- Born: 1922 Leningrad, Soviet Union
- Died: December 1975 (aged 52–53) Vienna, Austria
- Other name: Nicholas George Shadrin
- Occupation: Naval officer
- Known for: double agent

= Nicholas Shadrin =

Soviet naval officer and defector

Nicholas George Shadrin, born Nikolai Fedorovich Artamonov (1922 - December 1975), was a Soviet naval officer serving in Gdynia, Poland who defected to the United States of America in 1959.

==Life==
Shadrin was born in the Soviet Union in 1922. After joining the Soviet Navy he received advanced training in nuclear missiles, and at the age of 27 became the youngest destroyer captain in the fleet.
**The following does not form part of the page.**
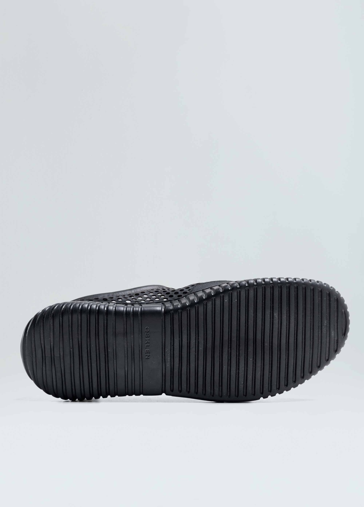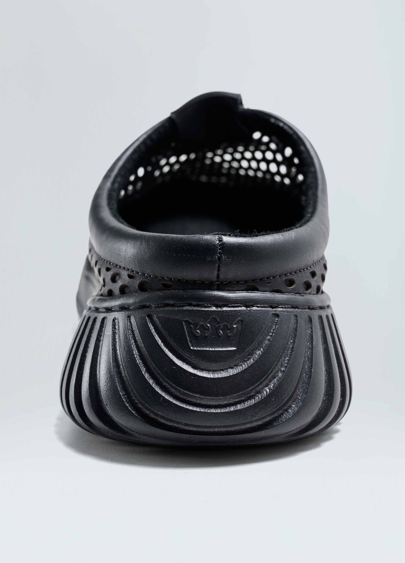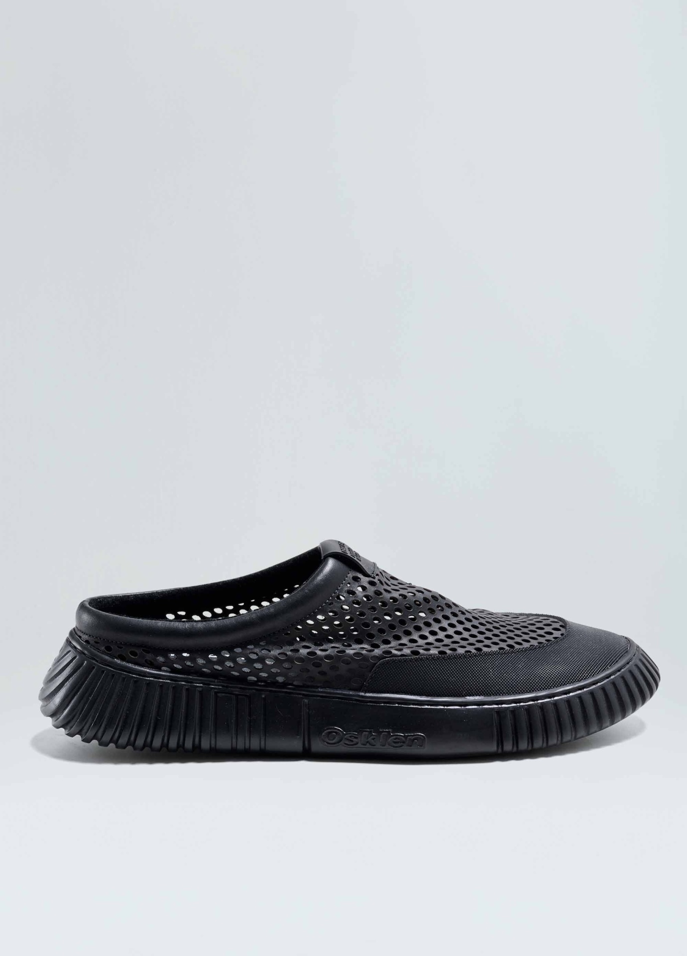 Tênis Arp(X) em couro bovino com microfuros feitos a laser. Recorte de borracha texturizada com recicle em sua composição no bico. Assinatura em etiqueta de borracha personalizada Osklen. Modelo mule slip-on com elástico para facilitar o calce. Forro parcial e palmilha em couro bovino. Solado de EVA costurado ao cabedal com design exclusivo Osklen, produzido com mais de 70% de carbono de base biológica, oriundo da cana de açúcar plantada e cultivada no Brasil. Produto Regenerate Life e Re-Design Waste.

Stationed in Gdynia, Poland in 1959, he fell in love with a Polish woman, Ewa Gora. With Navy restrictions and Gora's family's anti-communism making marriage impossible, the two defected by commandeering a naval launch to Sweden. The Central Intelligence Agency then brought Shadrin and Gora to the United States.

Shadrin's information proved particularly useful to the Office of Naval Intelligence. Working with the ONI under new identities, Shadrin gained an MA and PhD in engineering, and Gora opened a dental practice. He completed a Ph.D at George Washington University on the "Development of Soviet Maritime Power" in 1972. Later, with ONI not granting Shadrin higher level security clearances, he was assigned to translation in the Defense Intelligence Agency.
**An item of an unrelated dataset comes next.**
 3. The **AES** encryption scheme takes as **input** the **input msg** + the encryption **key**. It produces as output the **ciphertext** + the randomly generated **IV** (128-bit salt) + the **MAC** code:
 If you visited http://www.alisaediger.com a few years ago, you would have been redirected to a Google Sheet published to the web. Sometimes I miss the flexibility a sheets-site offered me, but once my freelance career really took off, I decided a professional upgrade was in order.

Shadrin was engaged in various counter-intelligence assignments during the Cold War after being approached by the KGB in 1966. He disappeared on assignment in Vienna, Austria in December 1975, apparently kidnapped by KGB agents. Later, Oleg Kalugin stated that Shadrin had died an accidental death during the kidnapping, apparently of a heart attack.

According to former CIA counterintelligence officer Tennent H. Bagley, James Angleton had warned Shadrin's American handlers, CIA officer Bruce Solie and FBI agent Elbert Turner, to not let him travel out of the United States, but they allowed him to go to Canada in 1971 to meet with the KGB and let him travel to Vienna, Austria, in December 1975 to meet with his KGB recruiter, Igor Kochnov.